The first cracks began to appear in the second year of his studies at Cambridge, when he moved from Elvin's sympathetic supervision to a more challenging encounter with E.M.W. Tillyard at Jesus College.10 Tillyard – one of the first lecturers to be appointed to teach the new Cambridge degree in the 1920s, and the pioneer of studies in the historical ‘background’ of English literature that Williams was later to attack with regularity – raised a number of questions which the young Williams was unable to answer.

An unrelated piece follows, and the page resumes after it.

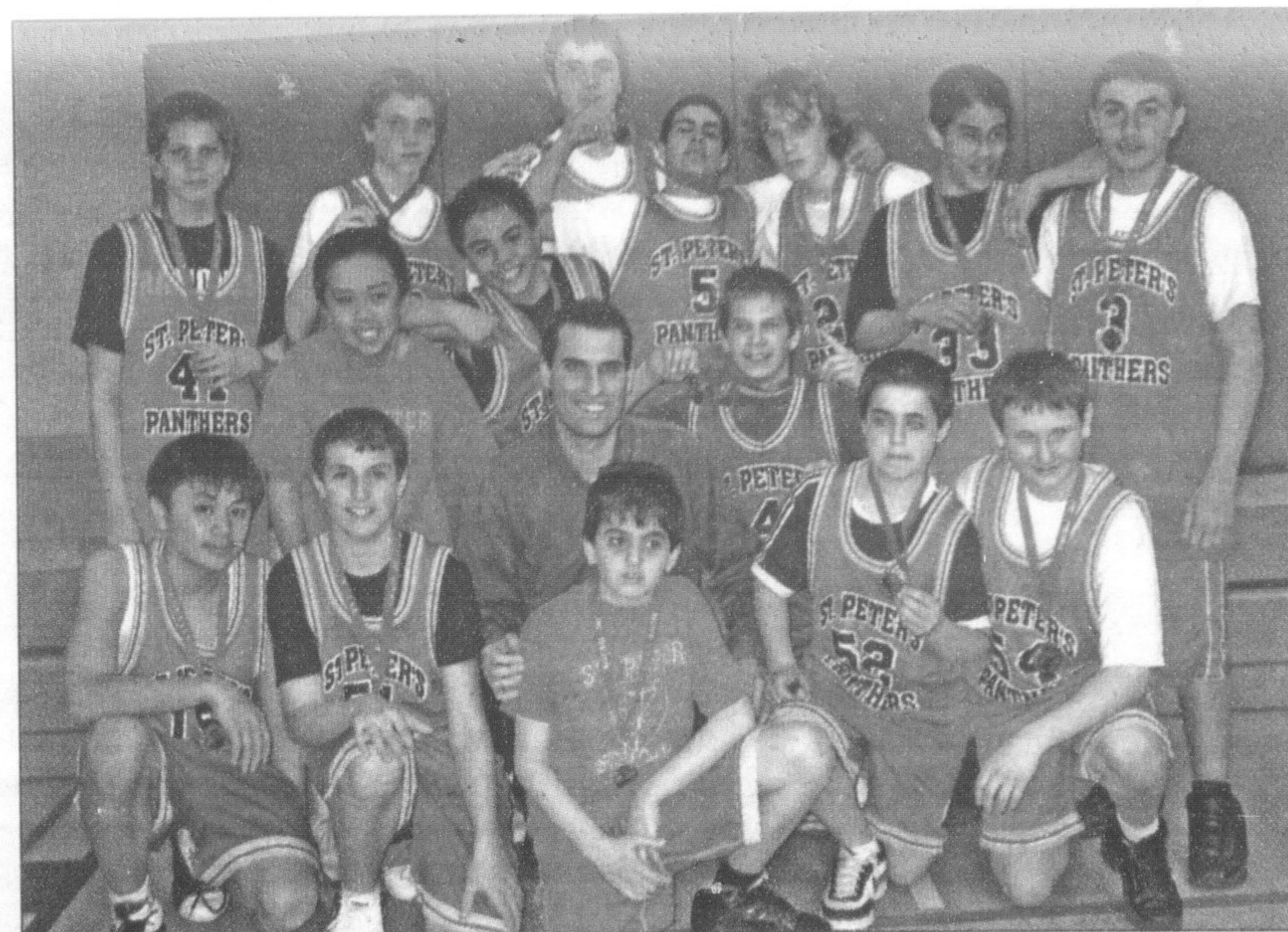
CHAMPIONS: St. Peter's Panthers celebrate their title victory over Guardian Angels.

Herbal Magic WEIGHT LOSS & NUTRITION CENTRES

The second year of the English Tripos focused on the history of the novel and Romantic poetry. In his tutorials with Tillyard, Williams sought to apply the stock responses of the 1930s Marxist criticism he had been reading. In this ‘proleptic criticism’, the literature of the present and of the past is read and evaluated in terms of future needs. In his introduction to The Mind in Chains (1937), the poet Cecil Day-Lewis repeated with approval Edward Upward's contention that ‘the most enduring books are those in which the writer has seen so deeply into contemporary reality that he has exposed “the shape of things to come” latent there’ (Day-Lewis 1937a: 16). Upward himself argued that for the Marxist ‘a good book is one that is true to life…. For the Marxist critic, therefore, a good book is one that is true not merely to temporary existing situations but also to the future conditions which are developing within that situation’ (Day-Lewis 1937: 46). In the same vein, Ralph Fox, in his The Novel and the People, also stresses the need for a new Marxist realism:
The new realism it is our task to create must take up the task where bourgeois realism laid it down. It must show man not merely critical, or man at hopeless war with a society he cannot fit into as an individual, but man in action to change his conditions, to master life, man in harmony with the course of history and able to become the lord of his own destiny.
(Fox 1937: 100)
In this view, novels of the past should be judged in terms of how novels should be written in the present; Romantic poetry represented an unfinished project of human liberation.11 Tillyard's reply to this was apparently blunt and forceful: ‘He told me this was not a tena...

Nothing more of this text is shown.